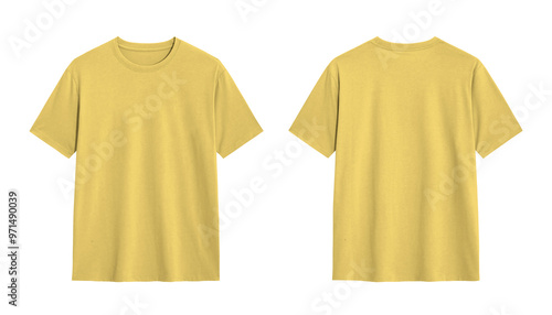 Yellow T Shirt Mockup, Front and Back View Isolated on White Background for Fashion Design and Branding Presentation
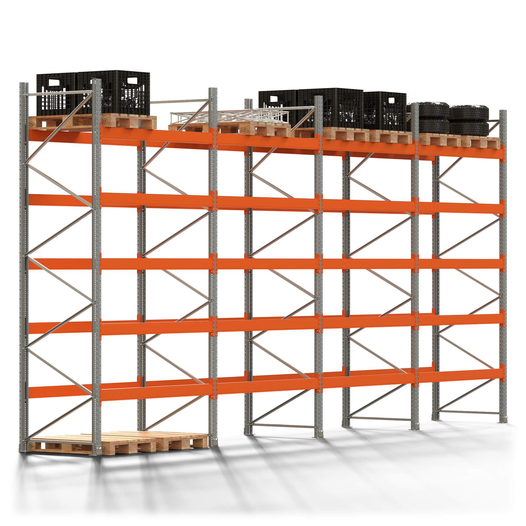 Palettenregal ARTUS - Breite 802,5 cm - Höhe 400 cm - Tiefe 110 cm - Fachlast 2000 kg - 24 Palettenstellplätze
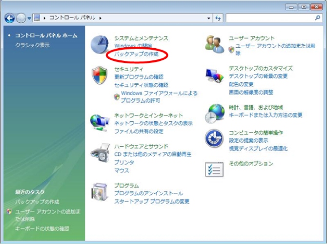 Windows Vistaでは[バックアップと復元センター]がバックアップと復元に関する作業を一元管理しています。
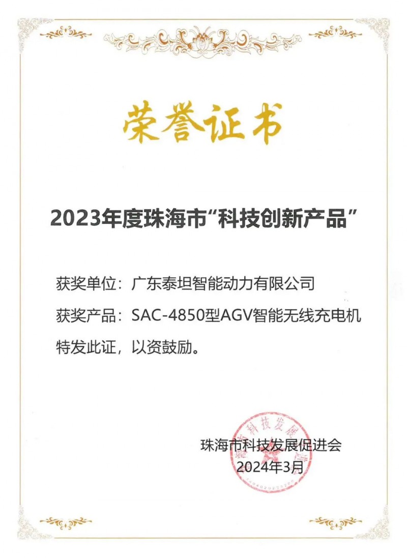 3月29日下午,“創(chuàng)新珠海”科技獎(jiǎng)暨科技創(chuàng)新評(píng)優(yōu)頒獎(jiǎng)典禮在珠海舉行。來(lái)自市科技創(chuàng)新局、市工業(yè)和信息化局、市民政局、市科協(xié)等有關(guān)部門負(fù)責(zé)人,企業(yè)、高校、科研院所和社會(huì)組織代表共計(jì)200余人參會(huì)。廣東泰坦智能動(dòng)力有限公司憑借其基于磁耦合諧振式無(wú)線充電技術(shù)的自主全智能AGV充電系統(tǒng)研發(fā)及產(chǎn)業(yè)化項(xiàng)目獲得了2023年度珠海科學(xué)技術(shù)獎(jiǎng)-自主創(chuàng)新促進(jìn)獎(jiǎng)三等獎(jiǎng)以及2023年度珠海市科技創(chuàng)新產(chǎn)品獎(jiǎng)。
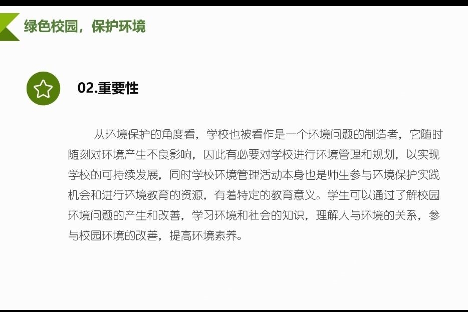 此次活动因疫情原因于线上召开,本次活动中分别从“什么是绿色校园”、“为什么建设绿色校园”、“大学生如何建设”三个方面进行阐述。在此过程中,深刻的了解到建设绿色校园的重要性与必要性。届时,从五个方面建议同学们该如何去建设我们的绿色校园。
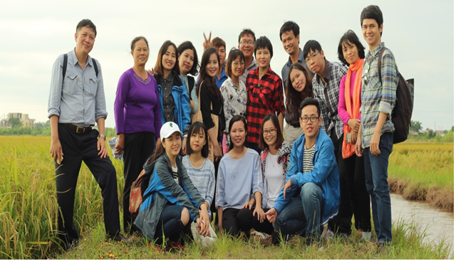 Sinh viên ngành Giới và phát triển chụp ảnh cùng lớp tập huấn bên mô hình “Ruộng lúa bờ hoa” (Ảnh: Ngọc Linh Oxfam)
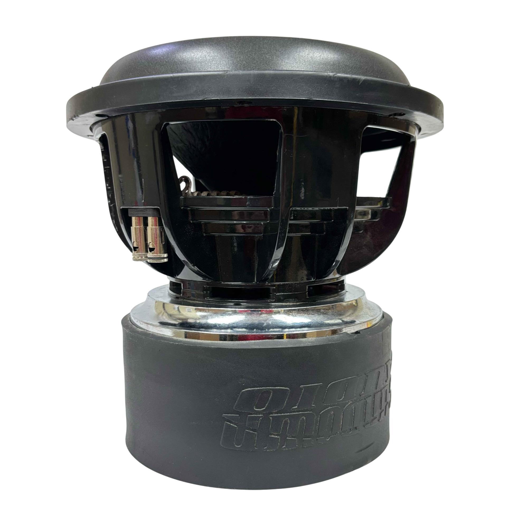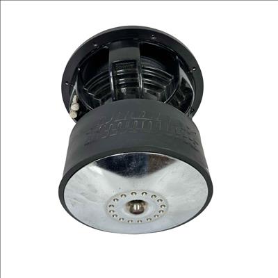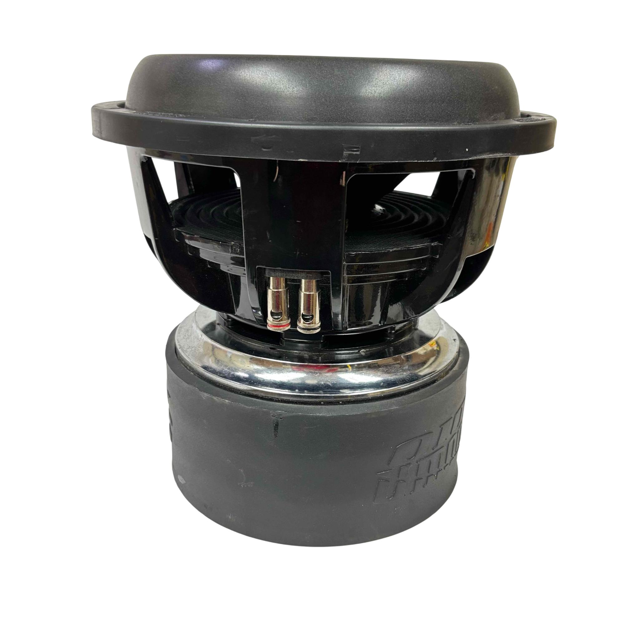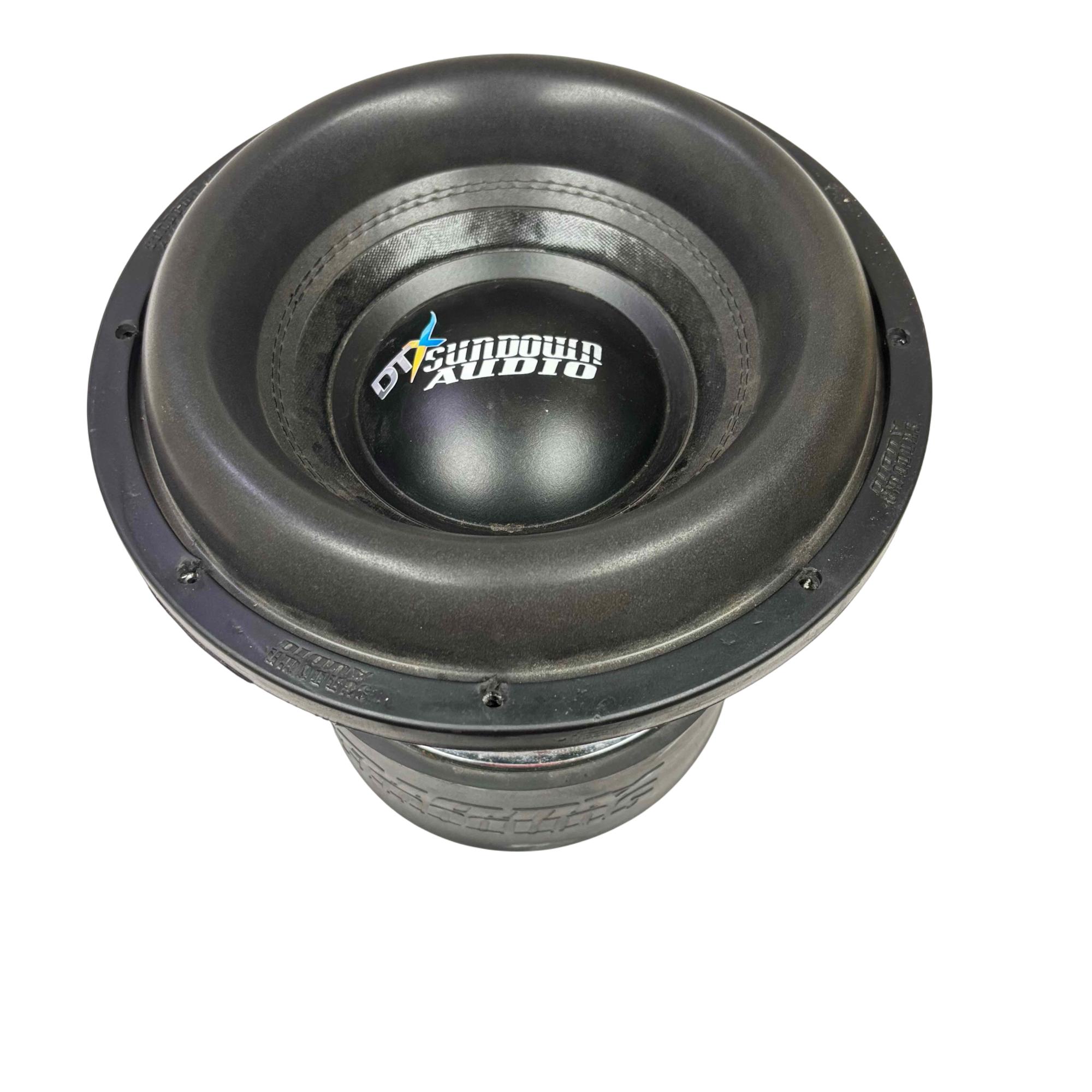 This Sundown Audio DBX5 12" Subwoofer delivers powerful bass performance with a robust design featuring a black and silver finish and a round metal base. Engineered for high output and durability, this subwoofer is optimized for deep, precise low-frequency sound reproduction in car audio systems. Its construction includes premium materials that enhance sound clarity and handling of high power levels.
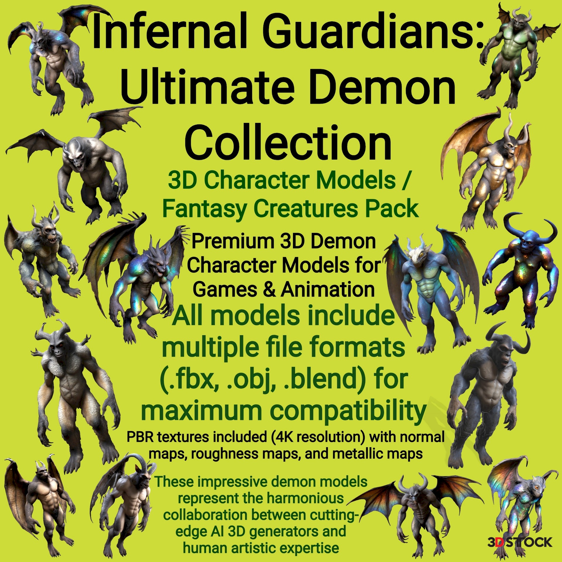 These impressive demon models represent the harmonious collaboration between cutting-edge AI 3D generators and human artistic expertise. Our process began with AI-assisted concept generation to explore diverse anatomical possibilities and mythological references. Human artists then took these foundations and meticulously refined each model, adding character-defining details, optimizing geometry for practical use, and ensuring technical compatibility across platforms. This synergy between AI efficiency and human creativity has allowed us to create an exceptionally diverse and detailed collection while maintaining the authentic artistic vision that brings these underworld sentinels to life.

---*---

Exercise prompt:
The answer is the lines above from the one with "Sinh viên ngành" to the one with "This Sundown Audio", set down exactly, with no pictures.

Problem solution:
 Sinh viên ngành Giới và phát triển chụp ảnh cùng lớp tập huấn bên mô hình “Ruộng lúa bờ hoa” (Ảnh: Ngọc Linh Oxfam)
 This Sundown Audio DBX5 12" Subwoofer delivers powerful bass performance with a robust design featuring a black and silver finish and a round metal base. Engineered for high output and durability, this subwoofer is optimized for deep, precise low-frequency sound reproduction in car audio systems. Its construction includes premium materials that enhance sound clarity and handling of high power levels.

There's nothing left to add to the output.